— What this task involves —
Return all of the data exactly, omitting any images.

— Data shown —
- Opening Delimiter -

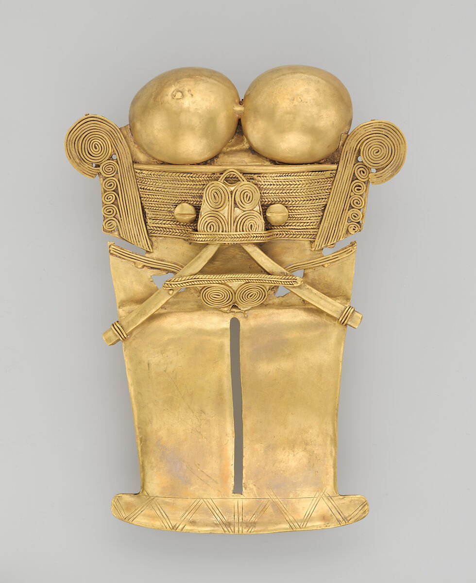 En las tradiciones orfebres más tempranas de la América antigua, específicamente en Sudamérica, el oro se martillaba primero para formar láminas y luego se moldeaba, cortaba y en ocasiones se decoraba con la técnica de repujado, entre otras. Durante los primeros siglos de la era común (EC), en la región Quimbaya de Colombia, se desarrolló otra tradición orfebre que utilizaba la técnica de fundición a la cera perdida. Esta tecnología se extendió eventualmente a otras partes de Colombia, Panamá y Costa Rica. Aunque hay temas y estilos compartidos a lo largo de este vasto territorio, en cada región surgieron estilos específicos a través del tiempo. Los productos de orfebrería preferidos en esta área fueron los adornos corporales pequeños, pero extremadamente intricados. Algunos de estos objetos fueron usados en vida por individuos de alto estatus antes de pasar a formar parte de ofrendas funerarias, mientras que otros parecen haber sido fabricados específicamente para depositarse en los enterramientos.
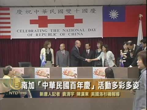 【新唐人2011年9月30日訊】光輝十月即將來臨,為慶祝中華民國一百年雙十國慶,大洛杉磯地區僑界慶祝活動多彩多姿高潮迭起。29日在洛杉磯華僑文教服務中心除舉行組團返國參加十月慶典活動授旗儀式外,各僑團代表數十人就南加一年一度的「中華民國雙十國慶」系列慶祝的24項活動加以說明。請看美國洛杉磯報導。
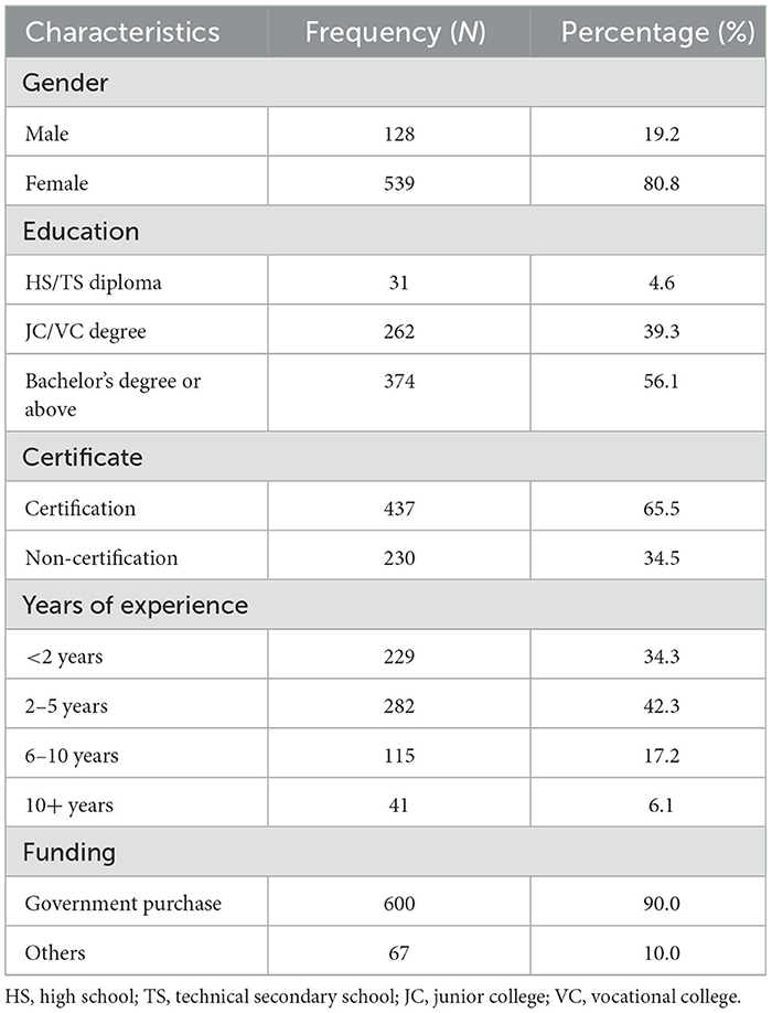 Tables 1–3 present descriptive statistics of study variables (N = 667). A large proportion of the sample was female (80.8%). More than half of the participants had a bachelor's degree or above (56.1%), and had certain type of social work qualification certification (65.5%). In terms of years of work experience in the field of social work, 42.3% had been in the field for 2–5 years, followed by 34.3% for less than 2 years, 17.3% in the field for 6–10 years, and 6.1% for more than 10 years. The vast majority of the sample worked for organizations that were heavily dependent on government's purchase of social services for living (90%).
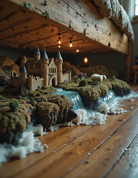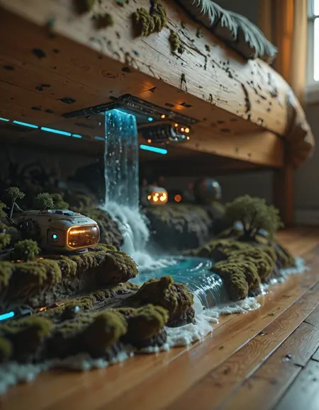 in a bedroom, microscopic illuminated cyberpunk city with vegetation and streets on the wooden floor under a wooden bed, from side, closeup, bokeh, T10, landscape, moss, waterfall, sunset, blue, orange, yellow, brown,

- Closing Delimiter -

— Task response —
 En las tradiciones orfebres más tempranas de la América antigua, específicamente en Sudamérica, el oro se martillaba primero para formar láminas y luego se moldeaba, cortaba y en ocasiones se decoraba con la técnica de repujado, entre otras. Durante los primeros siglos de la era común (EC), en la región Quimbaya de Colombia, se desarrolló otra tradición orfebre que utilizaba la técnica de fundición a la cera perdida. Esta tecnología se extendió eventualmente a otras partes de Colombia, Panamá y Costa Rica. Aunque hay temas y estilos compartidos a lo largo de este vasto territorio, en cada región surgieron estilos específicos a través del tiempo. Los productos de orfebrería preferidos en esta área fueron los adornos corporales pequeños, pero extremadamente intricados. Algunos de estos objetos fueron usados en vida por individuos de alto estatus antes de pasar a formar parte de ofrendas funerarias, mientras que otros parecen haber sido fabricados específicamente para depositarse en los enterramientos.
 【新唐人2011年9月30日訊】光輝十月即將來臨,為慶祝中華民國一百年雙十國慶,大洛杉磯地區僑界慶祝活動多彩多姿高潮迭起。29日在洛杉磯華僑文教服務中心除舉行組團返國參加十月慶典活動授旗儀式外,各僑團代表數十人就南加一年一度的「中華民國雙十國慶」系列慶祝的24項活動加以說明。請看美國洛杉磯報導。
 Tables 1–3 present descriptive statistics of study variables (N = 667). A large proportion of the sample was female (80.8%). More than half of the participants had a bachelor's degree or above (56.1%), and had certain type of social work qualification certification (65.5%). In terms of years of work experience in the field of social work, 42.3% had been in the field for 2–5 years, followed by 34.3% for less than 2 years, 17.3% in the field for 6–10 years, and 6.1% for more than 10 years. The vast majority of the sample worked for organizations that were heavily dependent on government's purchase of social services for living (90%).
 in a bedroom, microscopic illuminated cyberpunk city with vegetation and streets on the wooden floor under a wooden bed, from side, closeup, bokeh, T10, landscape, moss, waterfall, sunset, blue, orange, yellow, brown,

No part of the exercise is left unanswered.